Malgré toute l’étendue de ses intérêts artistiques, Repin était encore principalement un portraitiste. Grand connaisseur des gens et psychologue, il a pu voir dans ses œuvres l’essence d’un caractère humain individuel, révélant en même temps dans l’image créée par lui les traits typiques de toute la couche sociale, lui permettant de voir les signes de l’époque dans la caractérisation d’une personne individuelle.
Déjà au seuil du 20e siècle, Repin a créé un magnifique portrait de groupe grandiose sur toile, unique en son genre, “Réunion du Conseil d’État”, peint par ordre officiel du gouvernement. La tâche devant l’artiste était très difficile. Il a fallu représenter sur toile plus de 80 dignitaires qui étaient présents à la réunion d’anniversaire, tout en respectant l’ordre strict dans l’arrangement de chacun de ses participants.
Repin a brillamment fait face à toutes les difficultés de solution compositionnelle et picturale de l’image, en évitant les fausses poses. Au contraire, l’image laisse une impression d’une dénonciation impartiale et nette de la véritable essence de l’élite dirigeante de la Russie pré-révolutionnaire. En train de travailler sur la peinture, Repin a peint des croquis-portraits de ses personnages. Réalisés de manière libre et large, le plus souvent en une à deux séances, ces croquis sont l’une des plus grandes réalisations du travail de Repin.
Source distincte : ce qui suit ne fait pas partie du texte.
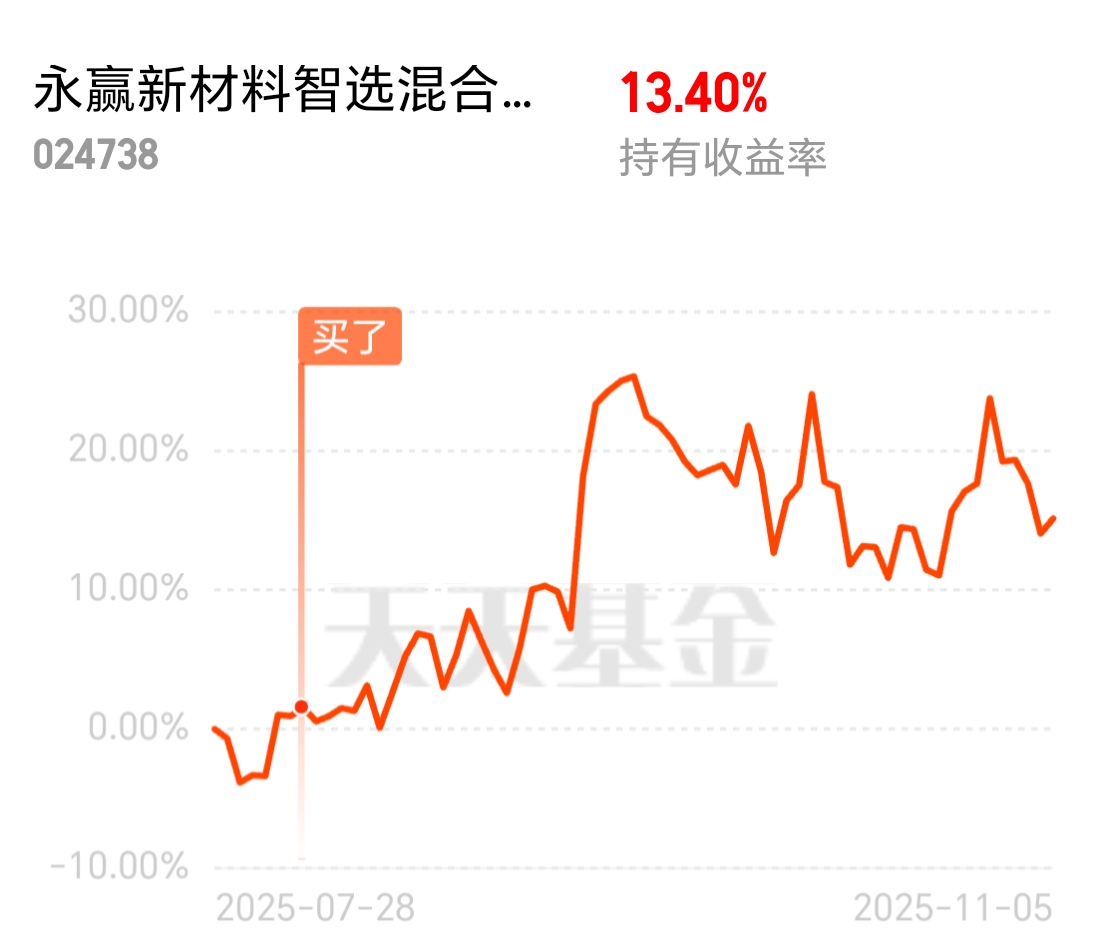 $永赢新材料智选混合发起C$调整后开始上涨,今天考虑再加点

Le portrait de Pobedonostsev est l’un des meilleurs d’entre eux. Parmi les hauts dignitaires de l’autocratie, Pobedonostsev était l’une des figures les plus terribles. Réactionnaire convaincu, étrangleur impitoyable de tout germe de liberté, il personnifiait tout l’obscurantisme de son temps. Extérieurement correct, retenu, sèchement poli, il était, pour ainsi dire, dépourvu de sentiments humains naturels. Repin l’a donc présenté dans son portrait.
Les nuances de couleurs les plus subtiles, à peine perceptibles, libres, comme si elles étaient même négligentes, mais en réalité subordonnées à des traits de dessin ajustés avec précision, capturaient ou plutôt révélaient un sourire aux lèvres sèches et étrangères, un regard froid des yeux mi-clos pendant des siècles, toute l’apparence hypocrite d’une personne incapable de vivre le mouvement mental vide et impitoyable. Ce portrait, peint d’une manière si inhabituelle pour Repin, mais si naturel ici, est l’une des œuvres les plus puissantes et artistiques parfaites de Repin, complétant l’âge d’or de l’artiste.